▼▼▼
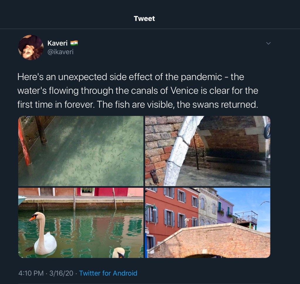 mother nature is a supreme genius and this is not happening TO us, it is happening FOR us. it is not a mystery that us humans have been savagely destroying the earth and all it’s beauty forever now, for what? we have ignored the warnings and we have been afraid to change because we know how drastic the change would have to be. well – if we won’t listen then she will force us to and that will never change until we do. as much as i don’t like to say it – we may getting the great humbling, the great reminder right now. regardless of social status, we all stand zero chance against mother nature and this could very well be her way of helping us collectively evolve and return closer to the natural order in which the sun will come out again.
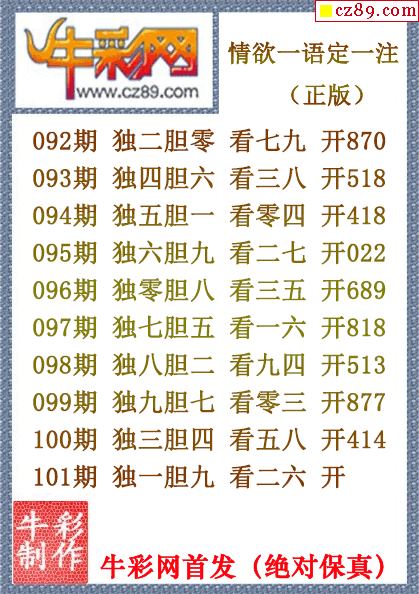 2026年101期七绝圣手3d和尾字谜【牛彩网...
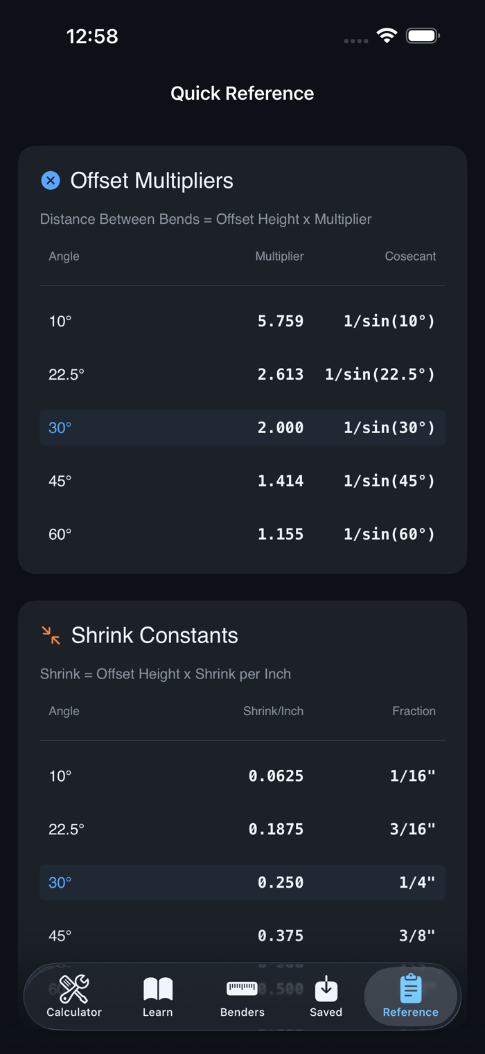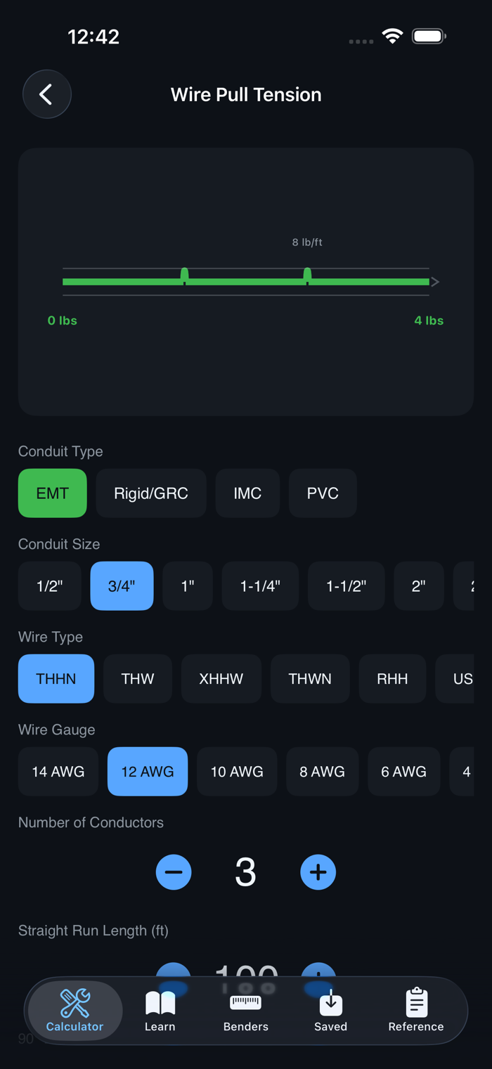 ConduitPro is the only conduit app that combines all 9 bend calculators, NEC conduit fill
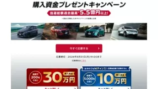 New! 2026年08月締め切り 日産自動車 新車購入支援金30万円、10万円分が当たる!話題の新型車も対象!購入資金プレゼントキャンペーン(2026年8月31日19時まで)
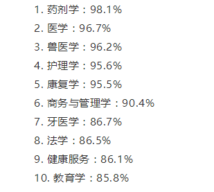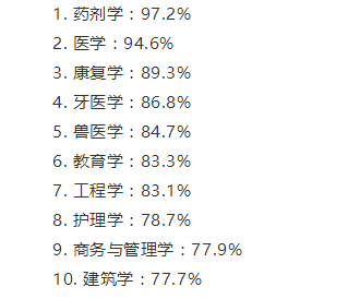 2018研究生毕业生全职工作就业率Top10专业
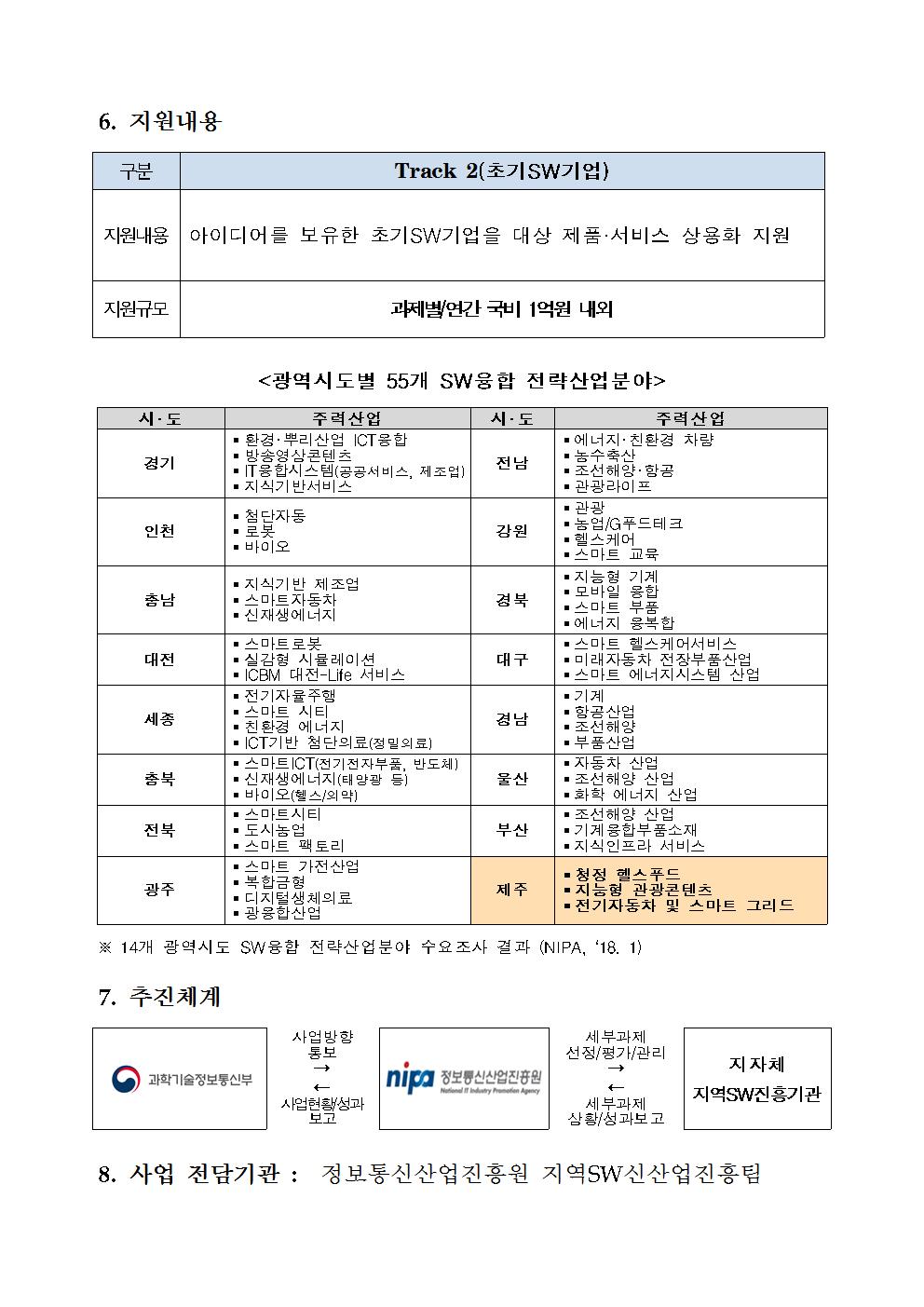 2018~19년 지역SW융합제품 상용화사업(제주) 공고문(재공고)
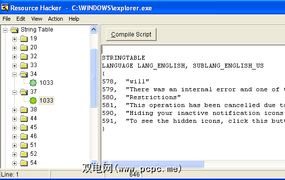 首先,打开位于以下位置的explorer.exe文件: C:WINDOWSexplorer.exe 。现在,您应该能够在侧面看到由“字符串表"目录中的数字组成的不同文件夹的列表。我们正在寻找的是 37文件夹,而另一个子目录选项是 1033 。在该文件内有多行文本-我们要更改“开始"文本。您可以将其更改为所需的任何值,但是请不要超过20个字符,因为此后选项卡会变得太大。另外,请确保不要更改其他行上的任何文本。
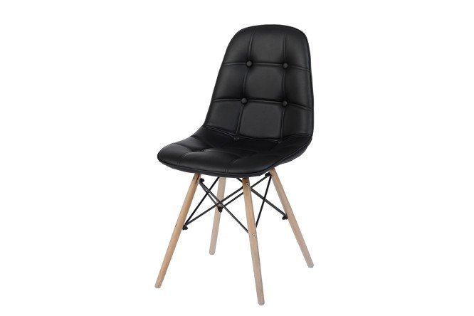 The Kokong chair is a worthy choice for creating an impressive and at the same time functional dining area in the kitchen or dining room. The appearance of the model is inspired by the heritage of famous American designers – the Eames couple. The kinship with their iconic work is emphasized by the graceful silhouette of the seat with raised edges and the metal “spider” frame that connects the beech supports and increases the stability of the structure. The upholstery is made of textured faux leather, quilted in squares and decorated with buttons.
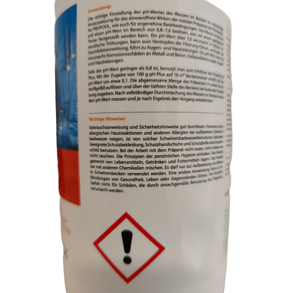 Ακολουθείτε πάντα τις οδηγίες χρήσης και ποτέ μην αναμιγνύετε κόκκους pH plus με άλλες χημικές ουσίες. Αυτό το προϊόν προορίζεται αποκλειστικά για την επεξεργασία νερού σε πισίνες και ο κατασκευαστής δεν φέρει καμία ευθύνη για ζημιές που προκαλούνται από ακατάλληλη χρήση.
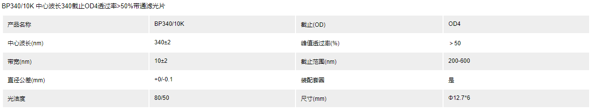 BP340/10K OD4@200-600 T>50% Φ12.7*6 带通滤光片 (带套圈)
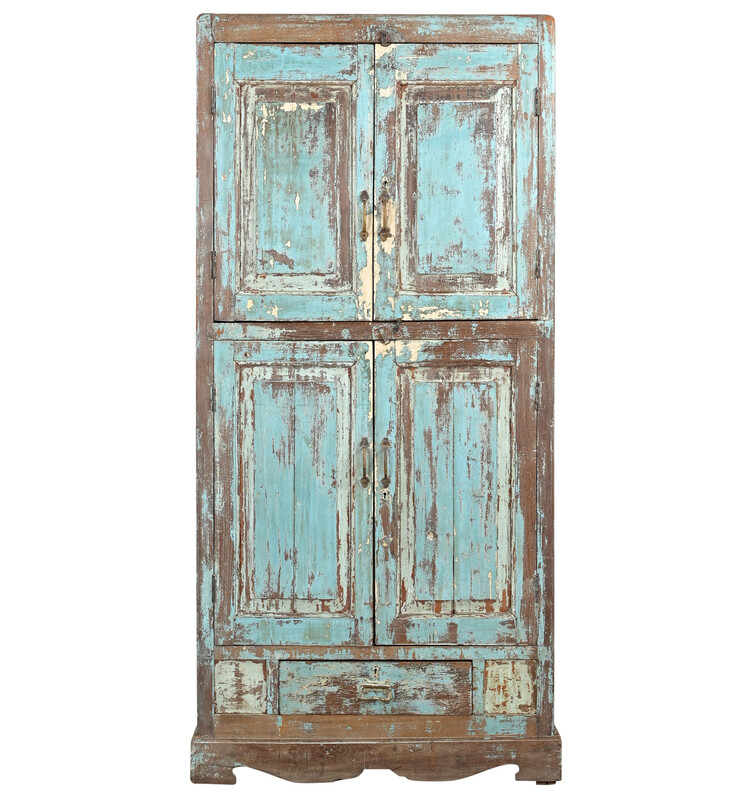 Brocante kast die gemaakt is van gerecycled teakhout. De teak kast heeft een mooie blauwe kleur. Daardoor heeft de kast een brocante uitstraling.
▲▲▲
* The problem *
Output, exactly and with no pictures, every line from the one that contains "BP340/10K OD4@200-600 T>50%" through the final line of the entries.

* Task solution *
 BP340/10K OD4@200-600 T>50% Φ12.7*6 带通滤光片 (带套圈)
 Brocante kast die gemaakt is van gerecycled teakhout. De teak kast heeft een mooie blauwe kleur. Daardoor heeft de kast een brocante uitstraling.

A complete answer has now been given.